Mustang forced to adapt to climate crisis

Floods threaten not just the livelihoods of the inhabitants of Lubra, but also the village’s unique Bon Po heritage

Lubra Village is under constant threat from flash floods. All Photo: Ronan Wallace

As weather patterns change across the world, many communities impacted by the climate crisis go unnoticed, or are disregarded. Himalayan villages are suffering an increase in flash floods and droughts.

One such community is Lubra village in Lower Mustang, one of the few villages in Nepal fully practicing the Bön Po faith.

Lubra has over 800 years of cultural and ancestral significance. Established in the 12th century by Lama Yangton Tashi Gyaltsen, who is said to have crossed over from Tibet, made the area suitable for settlement by subduing the land’s unruly local spirits, and ensured the survival of the Bön belief.
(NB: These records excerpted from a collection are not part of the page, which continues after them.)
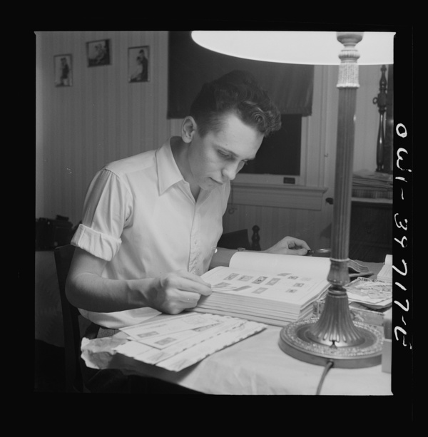 Washington, D.C. Walter Spangenberg, a student at Woodrow Wilson High School, working on his stamp collection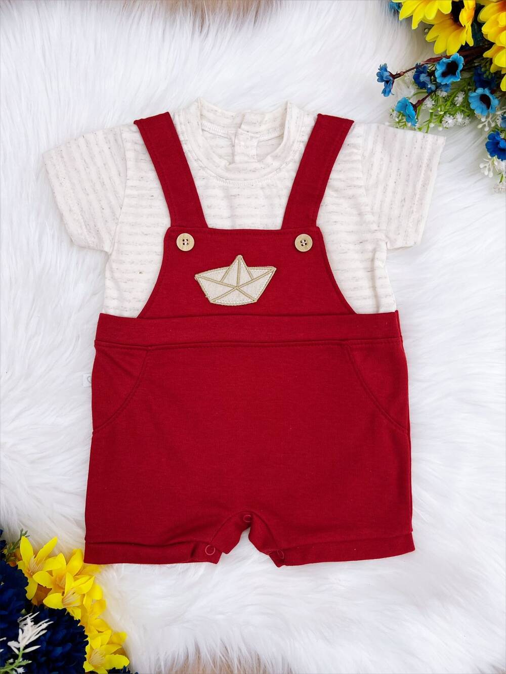 Macaquinho Meninos Fofura Vermelho Listras P/M/G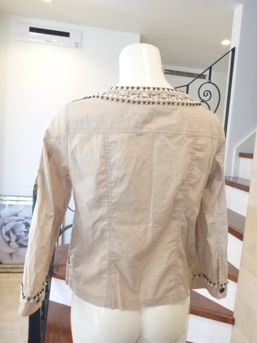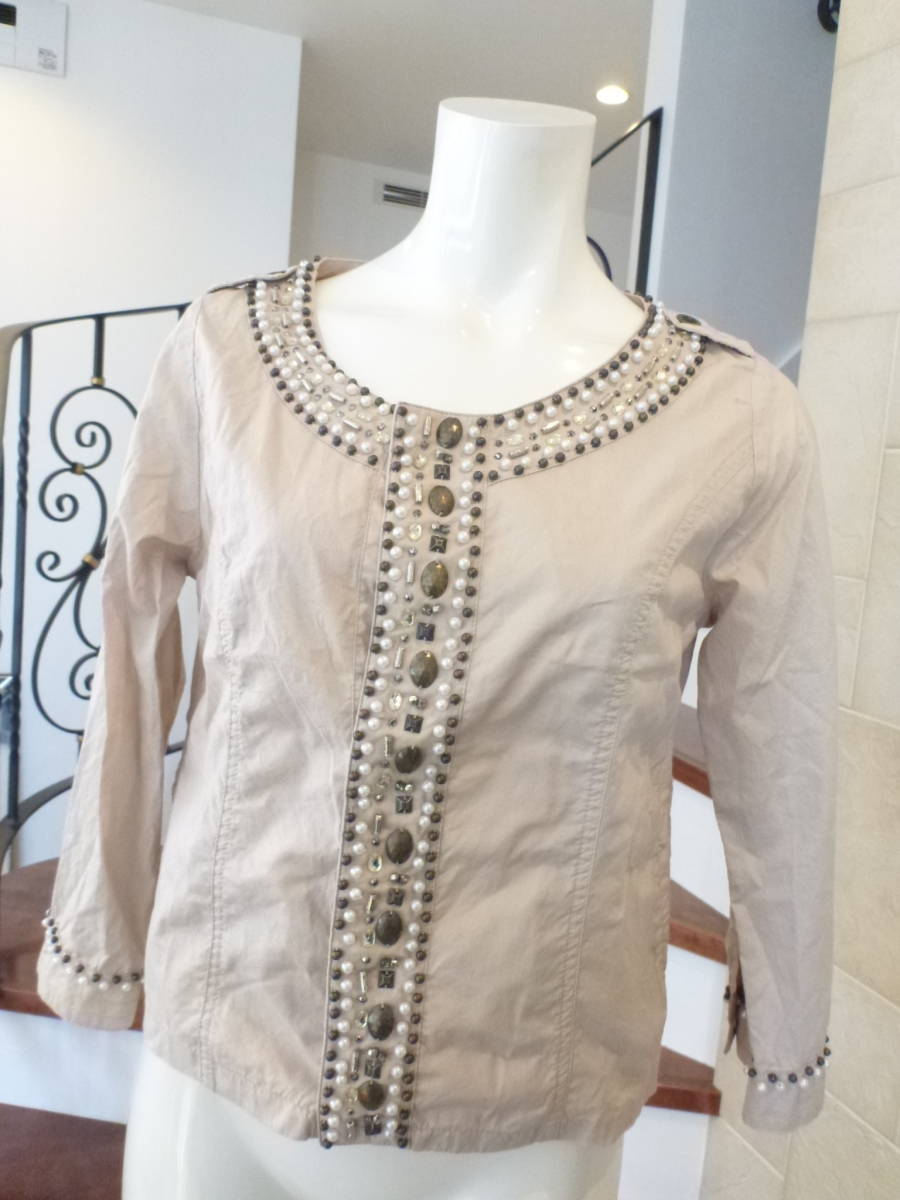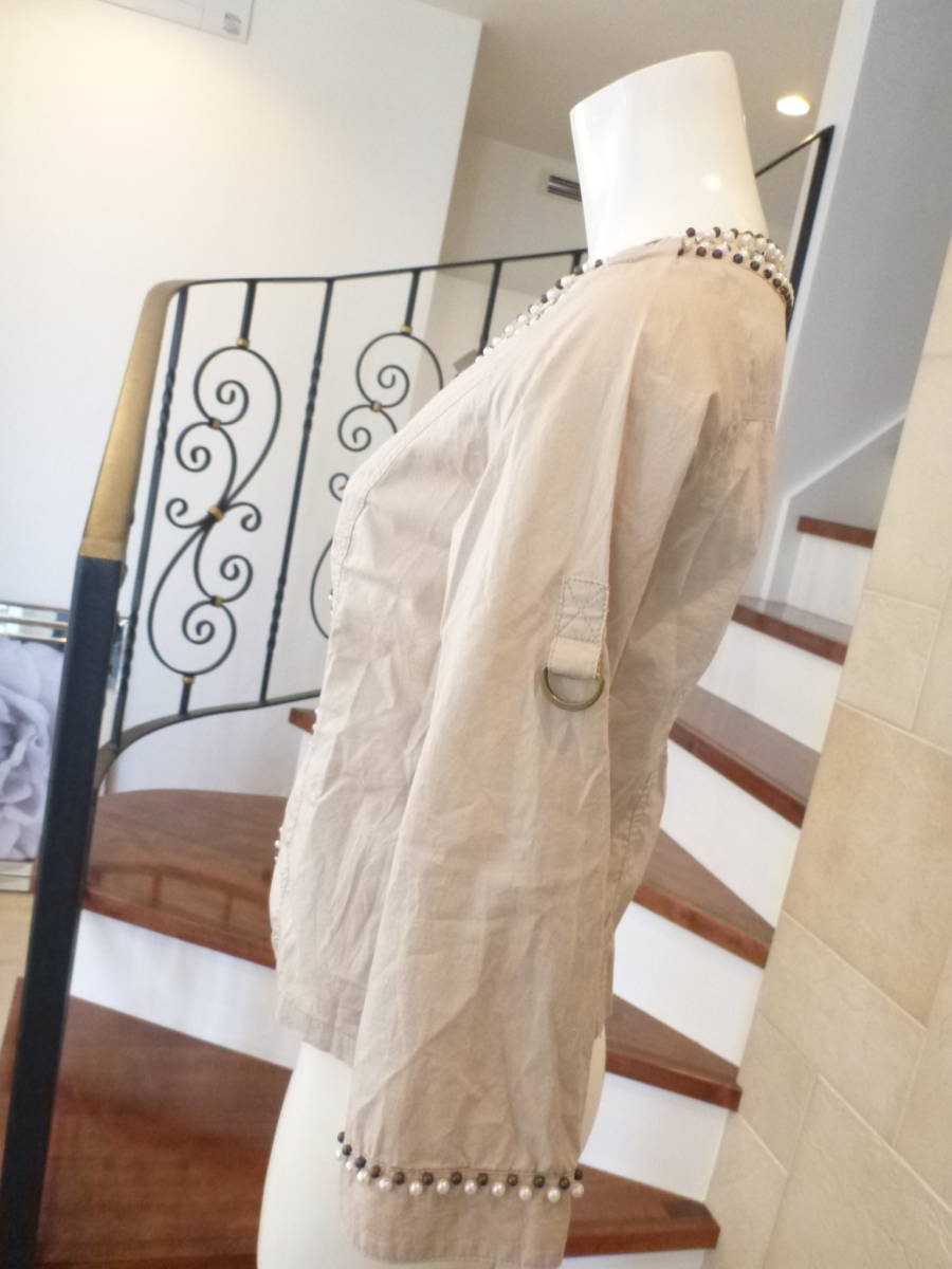 1.3万 Cynical シニカル ★ベージュ ビジュー ノーカラー シャツ ジャケット 袖ロールアップ可能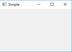 1 import sys 2 from PyQt5.QtWidgets import QApplication, QWidget 3 4 def main(): 5 app=QApplication(sys.argv) 6 w=QWidget() 7 w.resize(250,150) 8 w.move(300,300) 9 w.setWindowTitle('Simple') 10 w.show() 11 sys.exit(app.exec_()) 12 13 if __name__=='__main__': 14 main()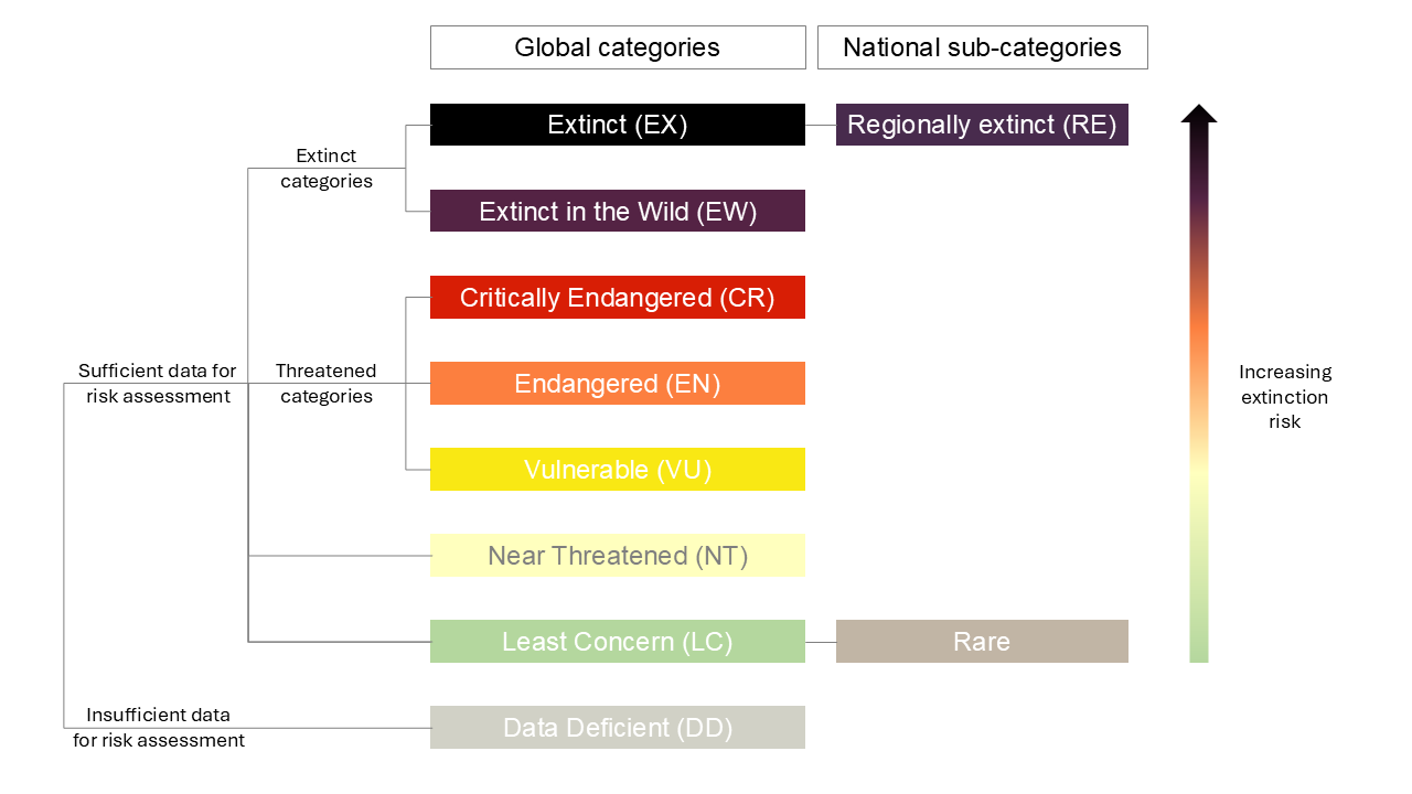 South Africa uses the IUCN Red List of Threatened Species Categories and Criteria to assess species’ risk of extinction. This system is the international standard for reporting on the status of biodiversity in multilateral environmental agreements such as Target 4 of the Convention on Biological Diversity’s Kunming-Montreal Global Biodiversity Framework.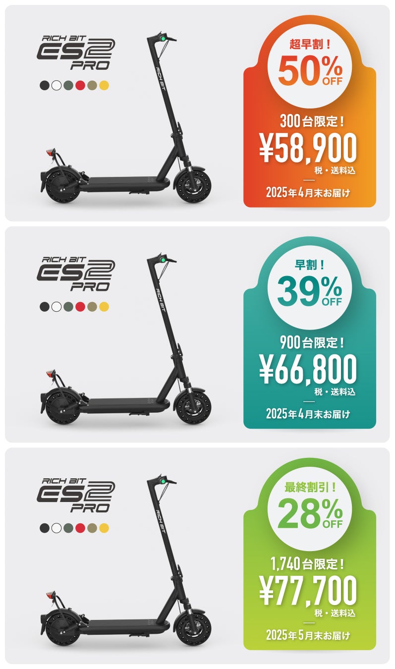 Acalieモビリティの集大成、国内累計販売台数12,000台以上、RICHBIT ES1 Proの上位機種ES2 Proが日本最安値58,900円(税込)から3,000台規模で先行応援販売スタート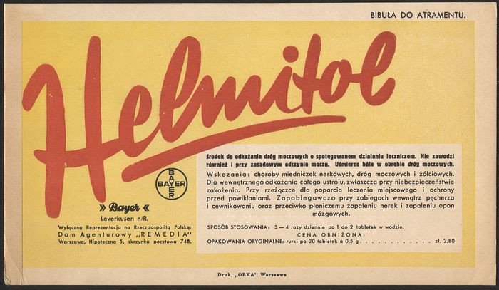 Ulotka reklamowa (w formie bibuły do atramentu) specyfiku firmy Bayer z lat 30 XX wieku.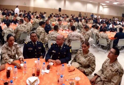Con la presencia del comandante de dicha zona militar, Cervando Centella Pérez, y de más de 350 militares, que van desde generales, jefes, oficiales y personal de tropa, los secretarios generales de las secciones 28 y 54 del Sindicato Nacional de Trabajadores de la Educación, los profesores Fermín Borbón Cota y Jaime Rochín Carrillo, hicieron entrega de un reconocimiento al representante de las fuerzas armadas por la labor que hacen en favor de los sonorenses.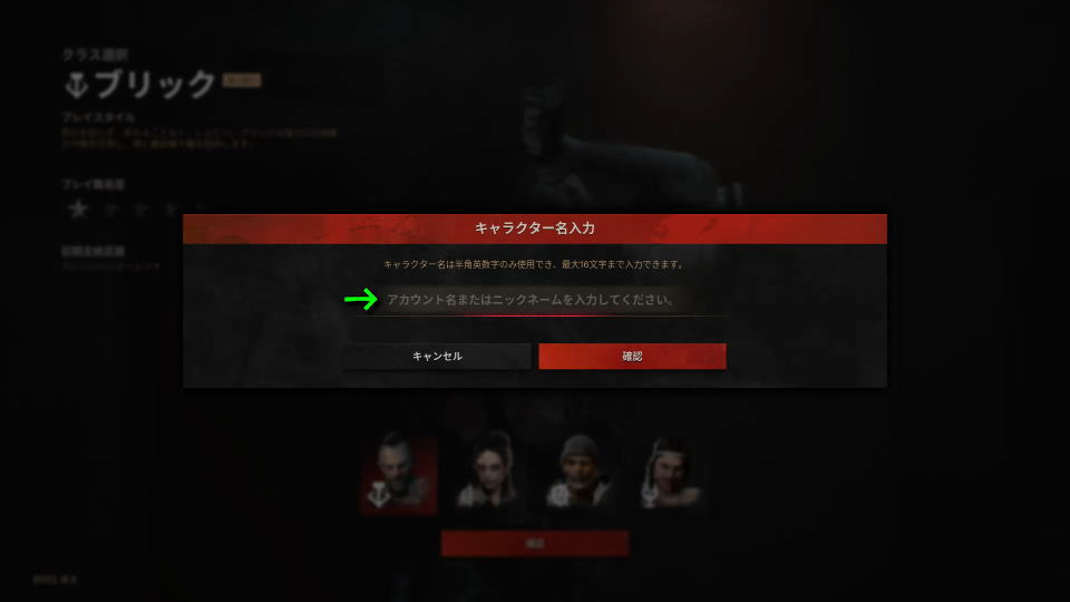『キャラクター名入力』というフォームに、任意でキャラクター名を入力します。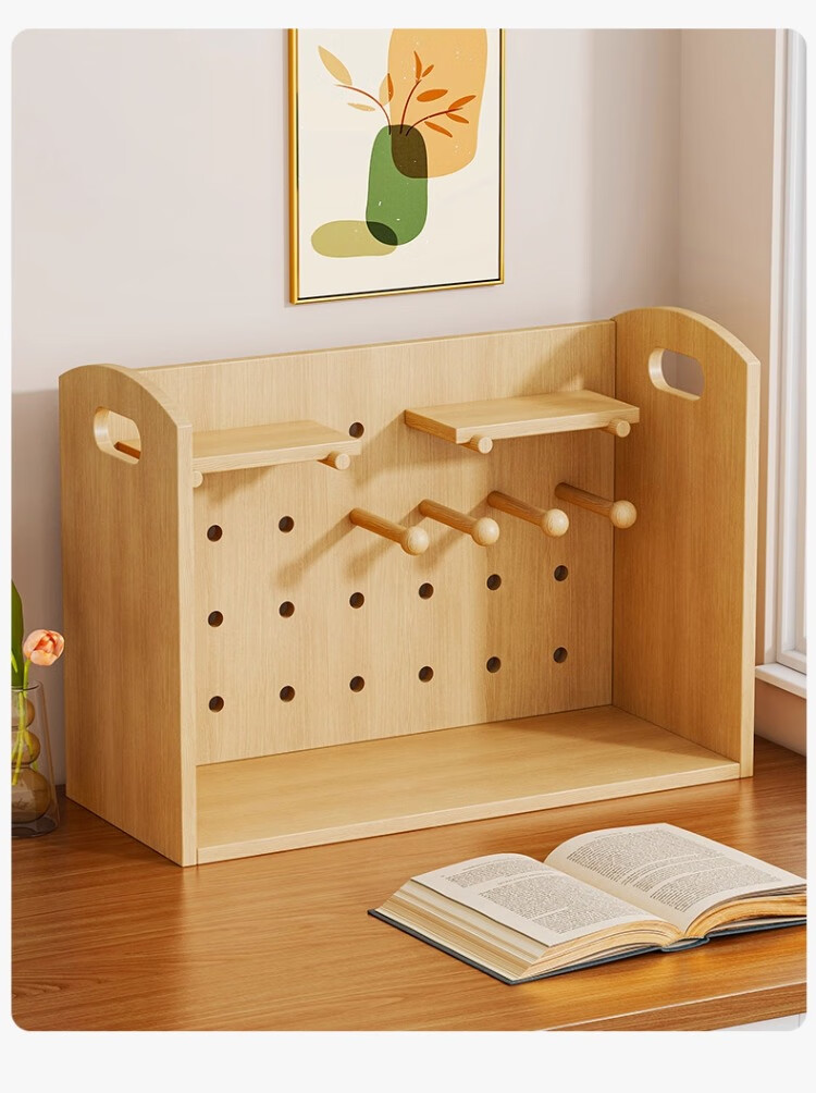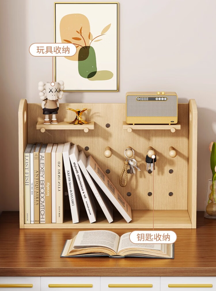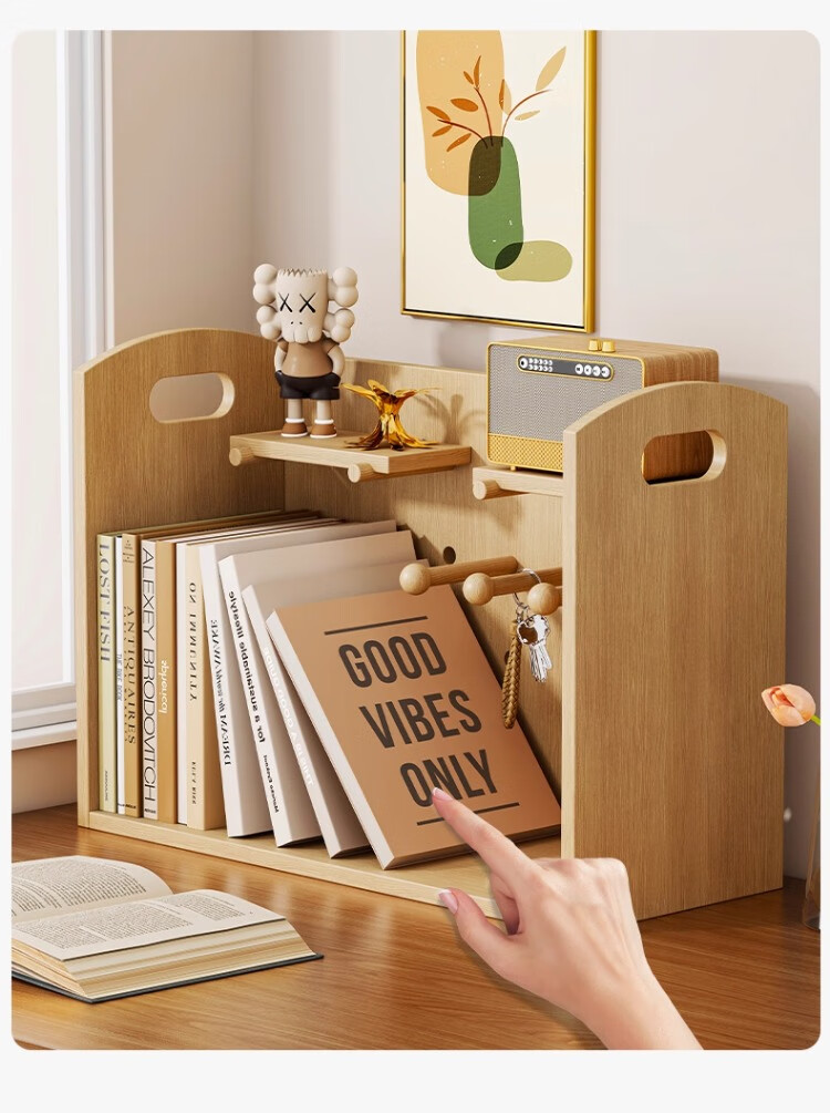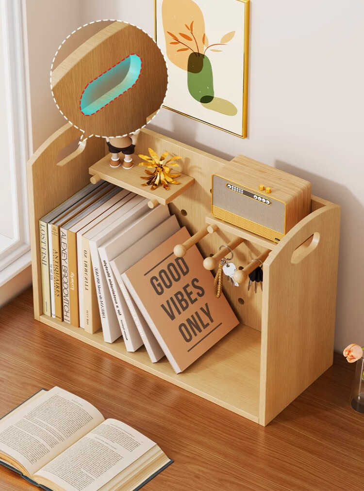 尔思家桌面书架儿童学生家用简易书桌置物架小型收纳箱办公桌简易储物柜 原木色-大号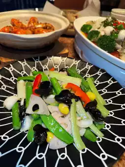 When the dish is served, lemon leaves, green onions, pickled ginger, fried burdock, coriander, cucumber, peanuts and sesame oil are added to the side. The waitress will help with the "fishing up" ceremony.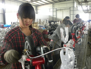 廣宗縣一家童車公司忙碌的生產(chǎn)線。記者 曹國(guó)廠

Situated at 2,950m, the village today is home to over 100 inhabitants, and has a school with 90 children. Farming their own land, they also carry community responsibilities involving one member from each family.

There are a handful of mud buildings, guesthouses and fields at the edge of Lubra River. A school, two monasteries, several chörten, a children’s hostel and water tanks span the rest of the land. Although small, Lubra is an important cultural component of Mustang.

Every year during the monsoon, the entire valley faces flash floods as the Lubra River’s trickle expands into a 150m wide debris flow of sediment and boulders, spanning the riverbed to meet the Kali Gandaki downstream.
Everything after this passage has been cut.